__COLLECTED MATERIAL__:
[Start of section]

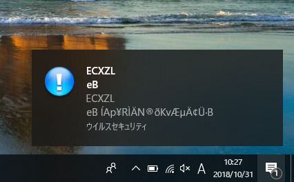 ウイルスセキュリティ で文字化けした通知 Ecxzl が表示される ウイルセキュリティ ソースネクスト
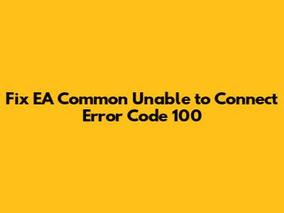 Fix EA Common Unable To Connect Error Code 100
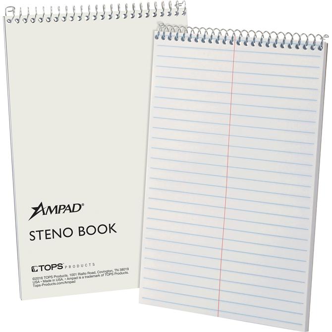 Steno notebook contains 15 lb. green tinted paper that is Gregg-ruled with 11/32" spacings and center ruling for segregating notes. Chipboard in front and back protects your notes and offers convenient writing support. Sturdy cover protects pages and information. Top wire binding allows easy access to pages.

[End of section]

__WHAT THE TASK ASKS__:
Nothing but an exact copy of the data, without pictures, should be returned.

__RESPONSE FOR THIS EXERCISE__:
 ウイルスセキュリティ で文字化けした通知 Ecxzl が表示される ウイルセキュリティ ソースネクスト
 Fix EA Common Unable To Connect Error Code 100
 Steno notebook contains 15 lb. green tinted paper that is Gregg-ruled with 11/32" spacings and center ruling for segregating notes. Chipboard in front and back protects your notes and offers convenient writing support. Sturdy cover protects pages and information. Top wire binding allows easy access to pages.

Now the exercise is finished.